Look, I know that "writeup" does not mean "reply", but SharQ's writeup above really pisses me off, and I can't let that be.

He asks, "Do we really need to explore space?" The answer, as far as I'm concerned, is a resounding "yes!" There is a tremendous amount of scientific research on topics from shear-dependent viscosity in fluids to material science including the production of aerogels, which would be impractical or technically impossible to carry out outside the microgravity environment in orbit. But even apart from that, it is important to explore, just for the sake of exploration. 14 billion dollars a year would a small price to pay for the opportunity to just go and see what's out there... the research is a bonus.

What really makes me angry, though, is SharQ's insinuations with respect to weapons systems. For one thing, it's a hell of a lot easier to build a nuclear weapon with all its failsafes and keep it secure than it is to bring the shuttle back from orbit. We're talking about an aircraft frame with an aluminum skin and a thin protective coating, hurtling through the atmosphere at 12,000 miles per hour, reaching temperatures of 2500 degrees, and nevertheless maintaning some degree of aerodynamic control to guide the craft to its landing. It's a hard thing to do right, and an impossible thing to do perfectly every time -- NASA builds in all the safety margins it can, but at the end of the day, it's a dangerous job to be an astronaut, and that didn't stop any of the crew from wanting to go. But what's really offensive about SharQ's loaded nuclear-weapon question is the fact that he's engaging in the same sort of activities he accuses the media and the Bush Administration of -- spinning a tragedy to advance unrelated causes. There is no logical connection to be made between the dangers of traveling in space and the safety of a nuclear stockpile; that part of the writeup is simply offensive rhetoric.

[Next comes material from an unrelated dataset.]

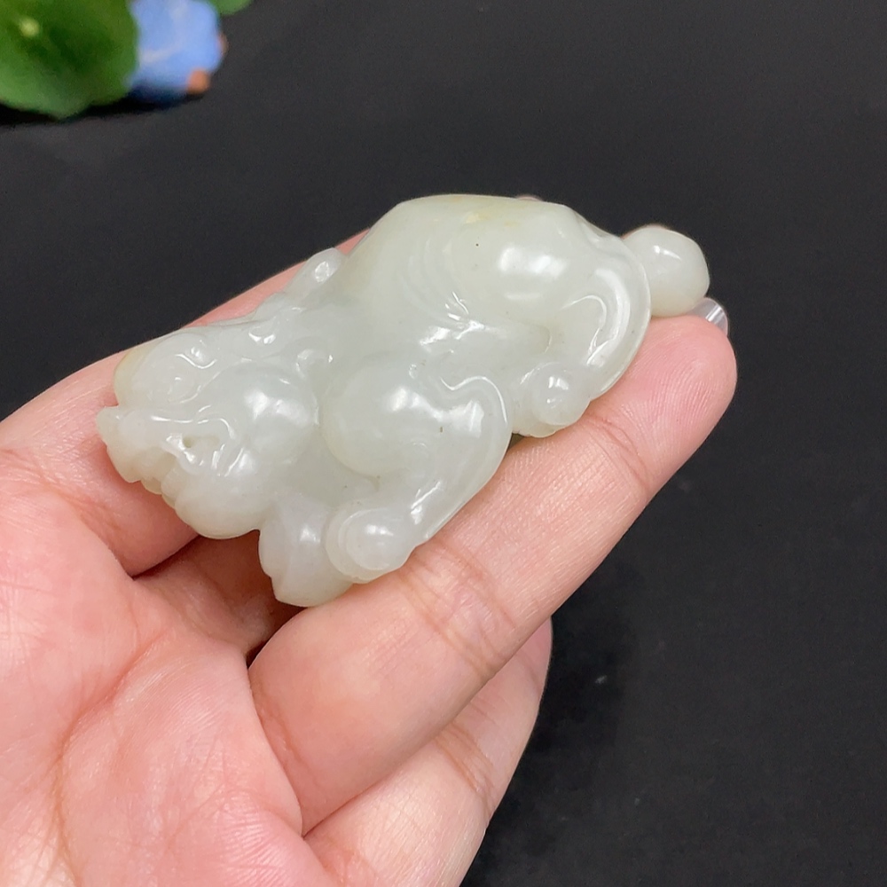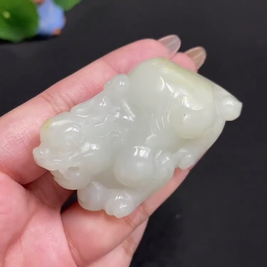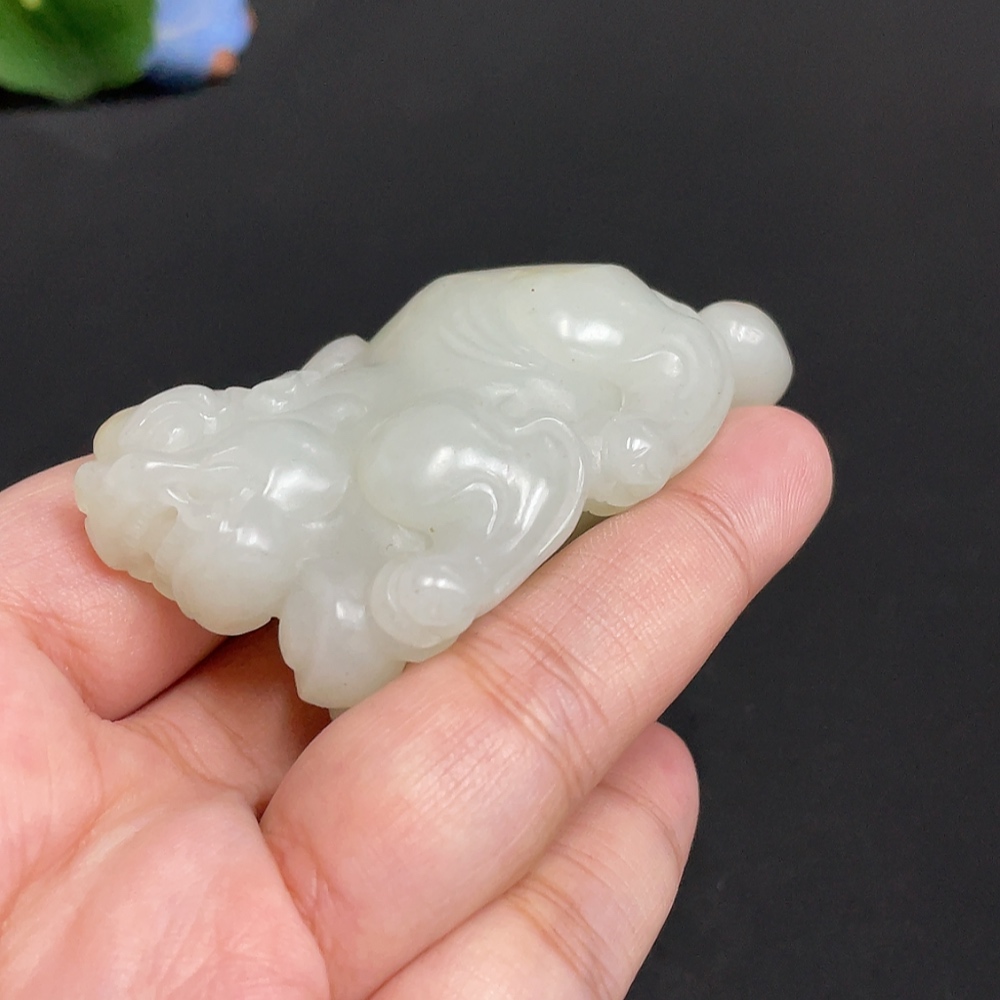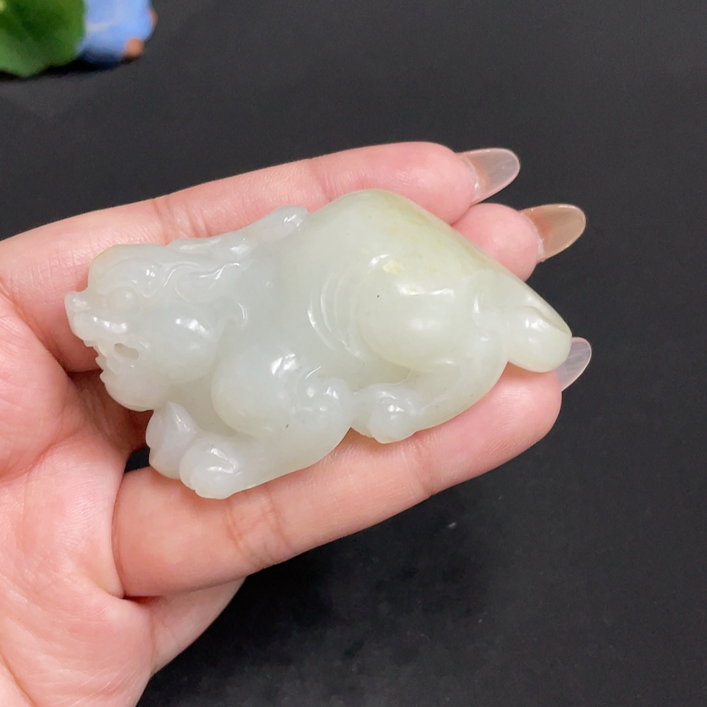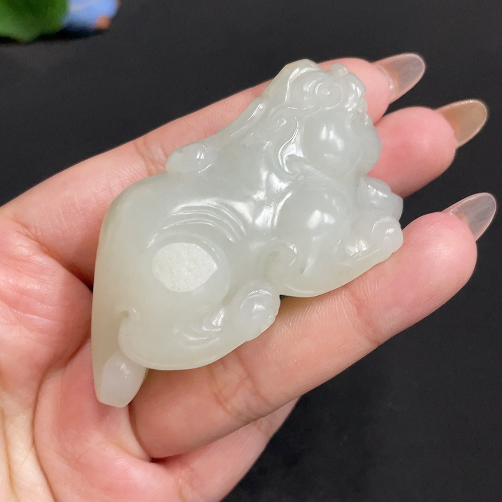 Hetian Jade Pendant Auspicious Beast Undetermined Skin Color Origin Total Weight Approx. 89.3g

Look, NASA still serves a purpose in carrying out scientific research in orbit and, hopefully, eventually manned missions to other planets in the Solar system. Their safety record is fantastic, considering the complexity of the missions with which NASA is tasked. It would be absurd to pass judgement on the entire space program, simply on the basis of one tragedy.

I've gotten a lot of feedback on this writeup... it was mainly just my personal reaction to the fear that the space program would suffer horribly as a result of this accident. Challenger set space exploration back 10 years at least; some programs, like the manned missions to Mars, have never recovered. Thanks to those who have expressed support. My worst fears were at least temporarily allayed, as Bush has stated that he is committed to continuing space exploration.

I feel, on a deeply personal level, that space exploration is a worthwhile goal. Who didn't want to be an astronaut when they were growing up? Some part of me, I think, still does. Remember that it was these people's lifelong dream to go into space; they died living the dream. To me, that makes it all feel somehow okay.